Perhaps Lord Lorne played one more round with C.F. Smith, who would die unexpectedly a year later at fifty-five years of age.
The Rideau Hall Golf Course
Lord Lorne did not play golf in Quebec City in 1883. He played instead at Rideau Hall.
In May and June of 1881 and 1882, to the delight of all involved, His Excellency the Governor-General had participated in several competitions at the Quebec Golf Club. Perhaps he expected to do so again in May and June of 1883 and built a golf course at Rideau Hall to get in some practice in Ottawa so that he would be ready to play good golf as soon as he arrived in Quebec City that spring.

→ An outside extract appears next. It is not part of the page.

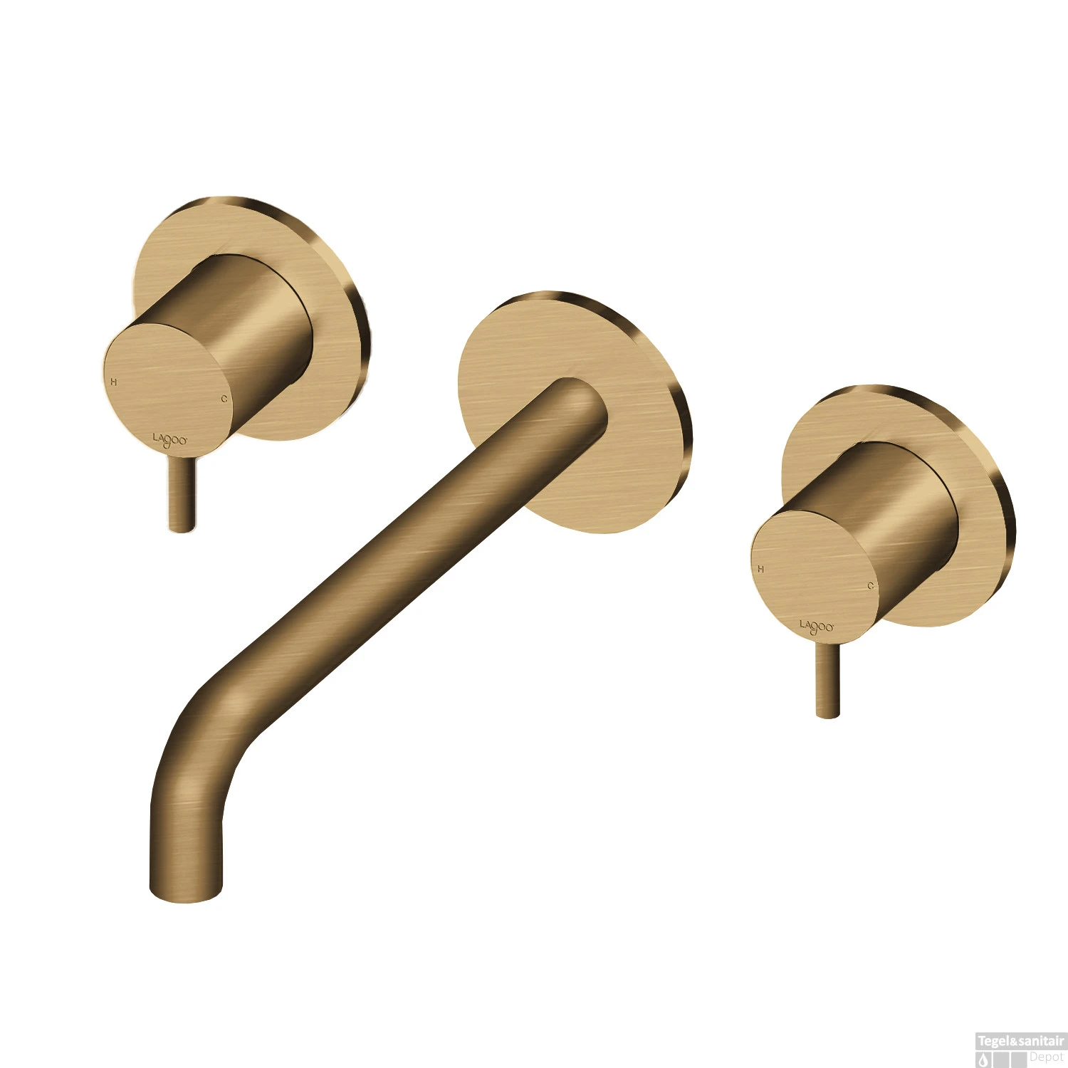 Specificaties Inbouw Wastafelmengkraan Lagoo Garda met Uitloop 2 Greeps 19 cm Messing Geborsteld Goud: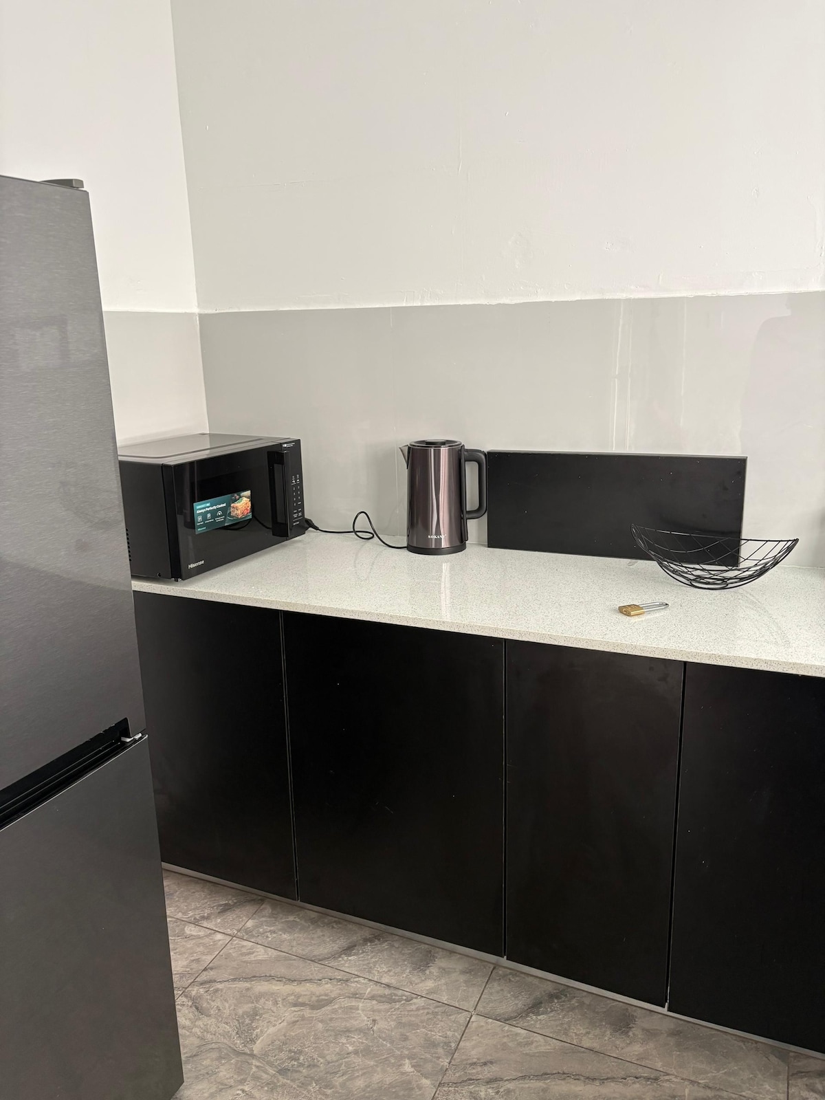 Nyt den moderne sjarmen i dette nylig ombygde hjemmet i Upper Avenues. Eklektiske detaljer inkluderer en 65 tommers smart-TV, luksuriøs pute-topp kingsize-seng, et plettfritt bad og en vaskemaskin foran. En Toyota Belta til leie kan være tilgjengelig for kjøring i Harare by. Innboks Nyt døgnåpen strømforsyning i denne blokken som har uavbrutt strømforsyning. For å gjøre det enklere for deg er det vannreservatstanker for å sikre ubegrenset vannforsyning under oppholdet.

In April, however, the word was: “the Governor-General and the Princess Louise are to come to Quebec about the 1st of June” (Daily Evening Mercury [Quebec], 24 April 1883, p. 2). As it turned out, Major Collins, now “Co[mp]troller of the Governor-General’s Household,” arrived in Quebec City only on June 21st, three weeks later than expected: “The servants of the Vice-Regal household have arrived here and are preparing the quarters at the Citadel for the arrival of the Governor-General and Princess Louise” (Montreal Herald and Commercial Gazette, 22 June 1883, p. 8). In fact, Lord Lorne and Princess Louise never made it to Quebec City.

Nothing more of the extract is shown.